Screenshots of the Qutoutiao app, which is characterized by clickbait content akin to those on Jinri Toutiao

The startup was able to play the expensive game on account of sizable fundings. Before pushing ahead with an $84 million initial public offering in the U.S. last September, the firm had secured $242 million from backers including Tencent. All that capital arrived within two years since its launch, and much of the money went to acquiring and retaining users.

In its fourth quarter, sales and marketing expenses soared 463 percent to almost $200 million. Revenues climbed 484 percent to $440 million in 2018, but the increase was tempered by the firm’s skyrocketing net loss, which widened to $283 million compared with $14.3 million just a year ago.

qutoutiao loss

So far the spending spree appears to be paying off. In the three months ended December 31, monthly active users nearly tripled to 93.8 million, the company claims in its latest financial results. People spent an average of 63 minutes on the firm’s services each day over the quarter, doubling from about 30 minutes in the year-earlier period.

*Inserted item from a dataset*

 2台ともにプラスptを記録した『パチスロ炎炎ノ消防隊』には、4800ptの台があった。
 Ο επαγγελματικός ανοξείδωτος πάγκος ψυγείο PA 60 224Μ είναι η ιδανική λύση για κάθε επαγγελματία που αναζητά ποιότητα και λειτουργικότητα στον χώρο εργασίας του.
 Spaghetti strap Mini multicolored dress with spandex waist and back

Bytedance’s Jinri Toutiao is still ahead by a large margin with 2.4 billion MAUs in 2018, although that’s the result of six years in operation. TikTok, on the other hand, has collected over 1 billion downloads worldwide. But Bytedance, too, is hemorrhaging money over its ambitious global vision. It lost a staggering $1.2 billion last year, The Information reported earlier citing sources.

Small-town base

In the long run, Qutoutiao vows to improve its margins by “controlling user engagement expenses,” chief executive and founder Tan Siliang, who previously worked at Yahoo China and games publisher Shanda as a senior engineer, told analysts last week on a conference call. “As our user base continues to expand, our user acquisition expenses as a percentage of revenues will decline.”

The company is also aiming high. Last week, Tan said in an internal meeting that he believes “Qutoutiao will quickly rise to become a Top 10 internet company in China by 2019,” multiple Chinese outlets reported. To that end, the boss plans to double the company size by adding 2,000 staff this year, a move that contrasts with large-scale layoffs that have recently shaken up Chinese tech heavyweights like NetEase.

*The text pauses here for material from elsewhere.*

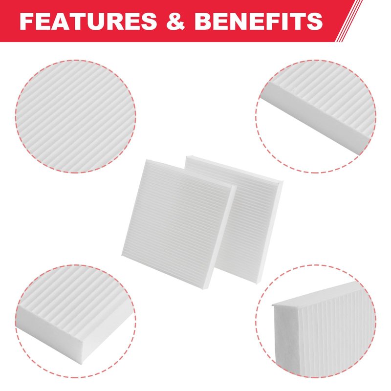 - 【Function】The Cabin Air Filter Effectively Filters Harmful Particles such as Dust,Wear Debris,Soot,and Dirt,and Provides Excellent Dust Prevention Capabilities,Making the Air Inside the Car Fresher. Air Filter Installation is Simple and Convenient,Directly Remove the Old Air Filter,Replace With A New One.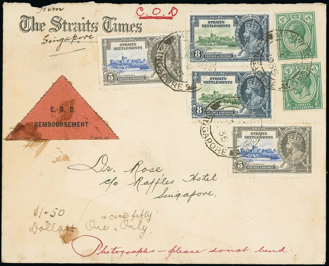 1935 (23 May) envelope with printed "The Straits Times" at top left to Raffles Hotel, marked "C.O.D." in red ink at top and "Photographs" at foot, bearing KGV 2c. (2) and 1935 Jubilee 5c. (2) and 8c. (2), all tied by

We’ve reached out to Qutoutiao for comments on the reports and will update the story when we hear back.

Tencent-backed news aggregation app Qutoutiao files for US public offering

What’s also notable about Qutoutiao is its overwhelmingly small-town base, areas that China’s tech giants increasingly covet as markets in large urban centers reach saturation. The company says 70 percent of its users live in cities that are Tier 3 and below, far and remote from megacities Beijing, Shanghai and the likes.

“[Small-town residents] used to rely predominantly on TV for news. Now with Qutoutiao, they could obtain much more timely, personalized and diverse news and information and, as a result, become frequent readers,” said Tan on the call. “The Qutoutiao app has total installations of about 300 million so far, which still has considerable further penetration potential given a 1 billion population that live in Tier 3 and below cities.”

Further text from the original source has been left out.